What happened to Ning?
It was the perfect service at the perfect time.
Mashups are hot right now. Really hot. David Berlind oversold his MashUp Camp in a week and now has an impressive waiting list forming. And John Musser’s list of mashups continues to grow (see Richard MacManus’ post on this too).
The idea of Ning, which launched in October 2005, is brilliant. Let people easily create social applications tailored with difference web services. Allow others to clone those applications and take the code from them directly into whatever they are building instead of building from scratch. Watch everything evolve as better and better stuff gets built, which in turn is used to build even better stuff. Ning leverages the platform by aggregating the applications and selling advertising and premium tools/features.

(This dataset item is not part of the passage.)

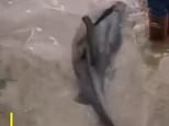 Heart-warming footage shows Chinese fishermen saving a dolphin stranded on a beach before releasing it back to the sea

But the reality of Ning is that it’s lost whatever coolness it had, no one uses it and Ning is going to have a very hard time getting people’s attention when they finally do roll out better functionality.
Here’s are the problems:
First, You have to know PHP, or at least HTML, to build anything unique on Ning. They promise to create tools to allow non-programmers to build stuff in the future, but for now, 99.9% of the Internet population is effectively locked out from creating new stuff.
Second, there is no support for the key web service APIs out there that people are really excited about mashing up. Instead, Ning has created a suite of custom applications…but which lack the scalability and functionality of what’s out there on the open web.
Yes, you can pull in services like Google Maps if you have the programming skills to do so (see here for an example), but Ning does not pull these in as modules to get you started, which would be really compelling.
Third, Ning keeps all of the applications under the ning .com roof. This has benefits like free hosting, but application creators don’t get control of the page to add advertising and they cannot get user registration data direclty. Users create a Ning account to use the mashups. That’s great for really small time stuff, but no one serious will build on the platform.
Fourth, Ning did everything wrong in communicating with their users. At first they called it 24hourLaundry and no one knew what Ning would be. With the benefit of hindsight, this looks silly. No one was rushing to launch anything similar, and in fact telling users about their plans and getting feedback would have helped them build a better product.
Even today, the Ning blog focuses on highlighting mashups, none of which are that great, instead of telling users when new and better features and tools will be released. They are not learning from their mistakes, and that is the worst thing of all.
If the best thing you have to show the world is Kitten Wars, you are in trouble. This is not compelling stuff.